Some of the Rishdale Dames muttered about me until Dame Gwersa made plain that I was under her special protection. Only once I heard a kitchen maid hiss at me, “Spawn of Arvon,” but I had no idea what she meant. When I wrote the evident insult for Dame Gwersa, she pursed her lips and said that some folk preferred to invent troubles when there were quite enough under foot to deal with day to day. I subsequently searched the abbey archives for lore on Arvon, but could find few references to that daunting land beyond the mountains bordering the northernmost Dales. Dame Gwersa would say only that no Dalesmen traveled there because the Arvon folk were close-knit and preferred their own company. She also conceded that there were Powers and Forces in Arvon that were best avoided by prudent men. Many years later, I attempted to trace vague rumors of rare weddings between folk from Arvon and the Dales. The suspected children of such unions were shunned in the Dales, as if they were somehow different from us. I suspect I began then to wonder whether my own strangeness could be ascribed to a blood-tie to Arvon. I had, after all, been born in a remote Dale near the borders of both Arvon and the shunned Waste.

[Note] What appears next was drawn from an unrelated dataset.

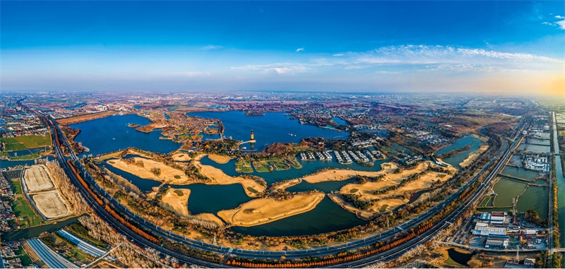 1月9日拍摄的泰州市姜堰区溱湖国家湿地公园,蓝天白云,碧水清波,树木色彩斑斓,美如画卷。许大才 薛春凤 摄 视觉江苏网供图

I made a list of my peculiarities: my muteness from birth, my un-Daleslike appearance, my strange dreams (possibly similar to the odd dreams experienced by my mother), my ability to find lost objects. It occurred to me that Mother’s betrothal gift might have originated in Arvon. I could no longer ignore the inference that my real father might not have been Dwyn of the House of Ekkor.
One other piece of evidence had to be included in my list. When I was sixteen, Uncle Parand borrowed me from Mother to accompany him on coastal trading voyages. He said I should be able to learn much, while keeping his records for him. After those first short trips, he pronounced me useful and trustworthy (and also happily not subject to illness due to the motion of our trading vessels). He then invited me on the much longer voyage across the sea to the eastern lands, whose great ports I had only heard about—Verlaine, Sulcarkeep, and Estcarp’s inland river port, Es City.
While I was walking alone near Es Castle, I encountered a solitary Witch of Estcarp. I was eighteen then; Uncle Parand had warned me to defer to any lady of the Old Race garbed in the distinctive gray robes of the Witches. I drew well to one side of the path to allow her ample room to pass by. She seemed not to have noticed me at all initially, but as soon as she passed me, she stopped abruptly, turned, and made a sign in the air with her right hand. To my amazement, the very lines her moving fingers sketched flared with a blue light (I have since been told that this indicated I was not tainted by the Dark). The Witch shook her head dismissively, and walked away without speaking a word to me. She therefore failed to see the delayed secondary glowing of her sign in the air—first red, then orange, then yellow—before it faded away entirely. I did not report this incident to my uncle, nor did I write any account of it for anyone else until now, as I marshal my arguments to persuade . . . I suppose I seek to persuade myself. My stalwart Doubt—if you were here, I believe you would accept my reasoning.